Passaro rimonta e sogna il main draw
Francesco Passaro tiene viva la bandiera italiana nelle qualificazioni degli US Open. Il 23enne umbro ha conquistato il turno decisivo dopo una sfida dalle mille emozioni contro il messicano Rodrigo Pacheco Mendez, chiusa in rimonta con il punteggio di 4-6, 7-6(2), 6-4 in due ore e mezza. Dopo aver mancato un set point sul 5-3 nel secondo parziale e subito il controbreak sul 5-4, l’azzurro ha avuto la forza di reagire, dominando il tie-break e trovando il break decisivo nel nono gioco del terzo set. Ora lo attende il portoghese Henrique Rocha, ultimo ostacolo prima del tabellone principale dello Slam newyorkese.
Stefanini domina e trova Inoue
In campo femminile, Lucrezia Stefanini ha confermato il suo ottimo stato di forma regolando con autorità la canadese Carol Zhao per 6-1, 6-4. La 27enne toscana non ha mai lasciato spazio alla rivale, imponendo ritmo e precisione. Nel match che vale un posto tra le grandi di Flushing Meadows se la vedrà con la statunitense Hina Inoue, sfida che sulla carta appare alla sua portata.
Giornata amara per gli altri azzurri
Non è andata bene agli altri italiani impegnati nelle qualificazioni. Matteo Gigante ha ceduto al termine di un match combattuto a Coleman Wong: 4-6, 6-3, 7-5, con l’hongkonghese bravo a piazzare il break decisivo sul 5-5 del terzo set. Federico Cinà, dopo aver rimontato un set di svantaggio contro l’argentino Federico Agustin Gomez, ha ceduto 7-5 nel parziale decisivo, pagando la maggiore esperienza del rivale. Infine, Giulio Zeppieri ha visto sfumare le sue chance contro il portoghese Jaime Faria, capace di imporsi 7-6(5), 7-5 nonostante un passaggio a vuoto per problemi fisici nel secondo set.

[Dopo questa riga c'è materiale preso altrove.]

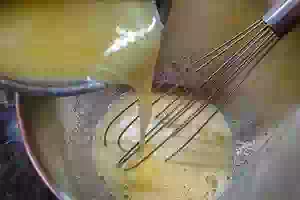 2. Сливочное масло растопить, дать ему немного остыть и перелить в яичную смесь.
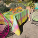 La profusión de sus flores en relieve recuerda el aroma de las vacaciones y el cuadro en madrás evoca los tocados de las mujeres criollas.
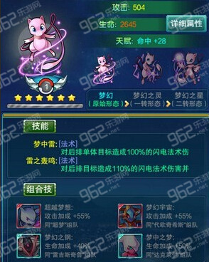 两个加攻击的组合技都激活的话能够打到110%的攻击力加成,伤害不俗了,七星的两个一个比一个肉,雷吉斯奇鲁更有反弹王的美名,想想,如果你五星合成六星一转的话,出来了梦幻之灵和恶梦使的话,那恭喜你,你完全可以不着急合成七星一转了,只要小小转型就可能大幅提升战力,梦幻之灵是可复活的小强,恶梦使有30%攻击buff,完成取代酱油的妙娃草,再配合上小 伙 伴的组合技能,压倒性的优势不可轻视!
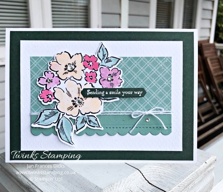 This is my all occasion card where I have used the Evening Evergreen as the dark mat, the smaller mat is using the lovely new In-colours Designer Series Paper in Succulent Sage, the flowers are coloured using Polished Pink, Fresh Freesia and Pale Papaya.
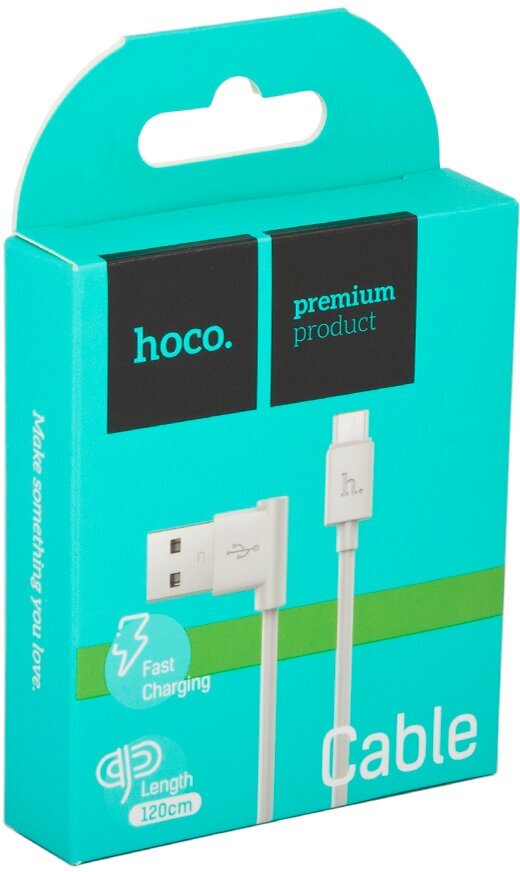 Купить Кабель MicroUSB to USB HOCO UPM10m Shape MicroUSB L-shape 1.2m with nickel plated connectors (белый)
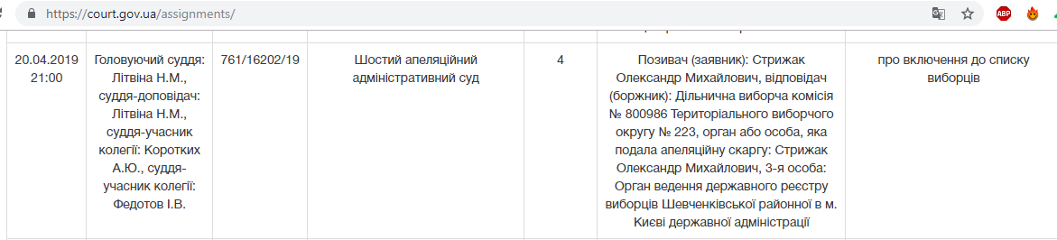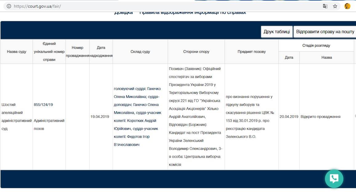 В соответствии с информацией на сайте Судебной власти Украины, дело №855/124/19 о признании нарушений в подкупе избирателей и отмене решения ЦИК № 153 от 30.01.2019 г. о регистрации кандидата Зеленского В.А. действительно будет рассматриваться сегодня, 20 апреля в Шестом апелляционном суде.
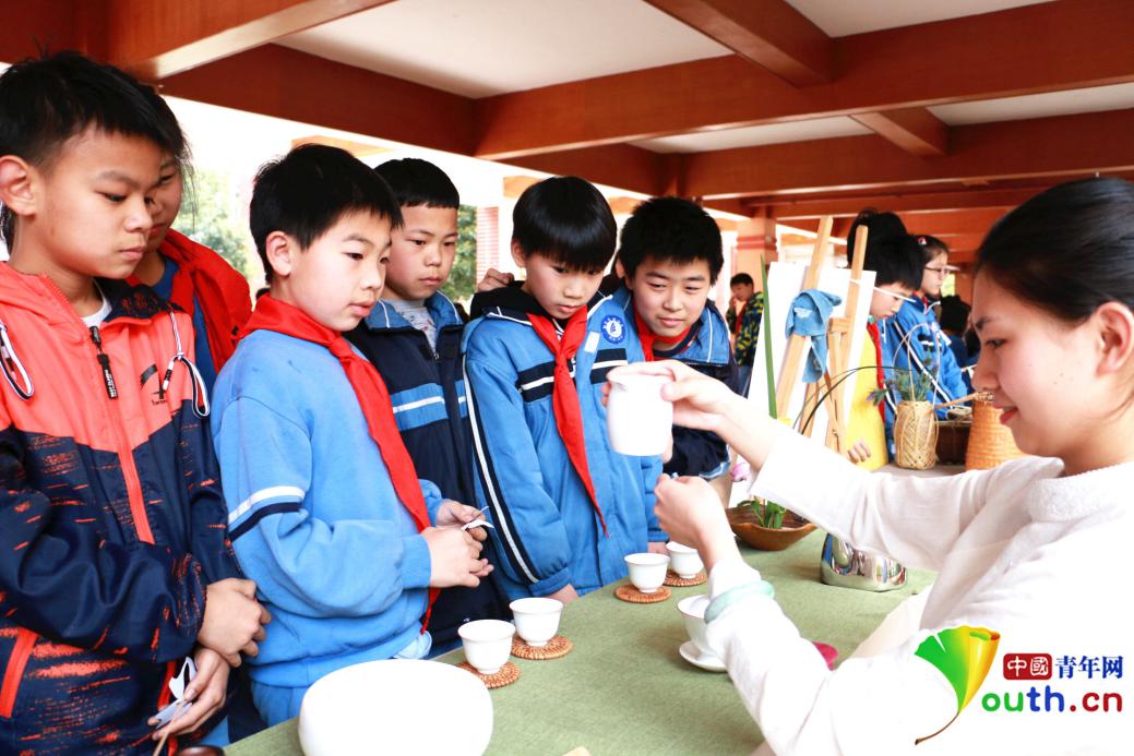 3月29日,长沙市雨花区红星实验小学非遗进校园展示活动现场,图为同学们在展示现场观看茶艺表演。中国青年网记者郭凯薇 摄
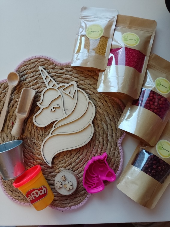 Zestaw sensoryczny JEDNOROŻEC to starannie skomponowana propozycja dla dzieci, które uwielbiają zabawy sypkimi materiałami, przesypywanie, ugniatanie i odkrywanie różnych faktur. Idealny do zabawy samodzielnej, zajęć Montessori oraz wspólnego spędzania czasu z dzieckiem.
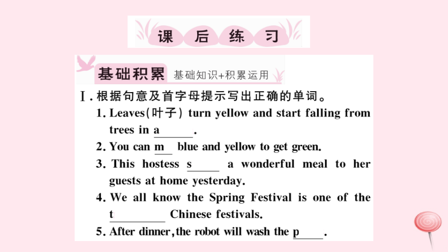 (江西专级英语上册 Unit 8 How do you make a banana milk shake第四课时习题课件(新版)人教新目标版-(新版)人教新目标级上册英语课件.pptx

Italia tra speranze e rimpianti
La seconda giornata di qualificazioni a Flushing Meadows lascia dunque un bilancio in chiaroscuro per il tennis italiano: da un lato le speranze concrete di Passaro e Stefanini, dall’altro le eliminazioni di Gigante, Cinà e Zeppieri che lasciano un retrogusto amaro. Ora l’attenzione è tutta rivolta ai due azzurri rimasti in corsa, a un passo dal sogno US Open.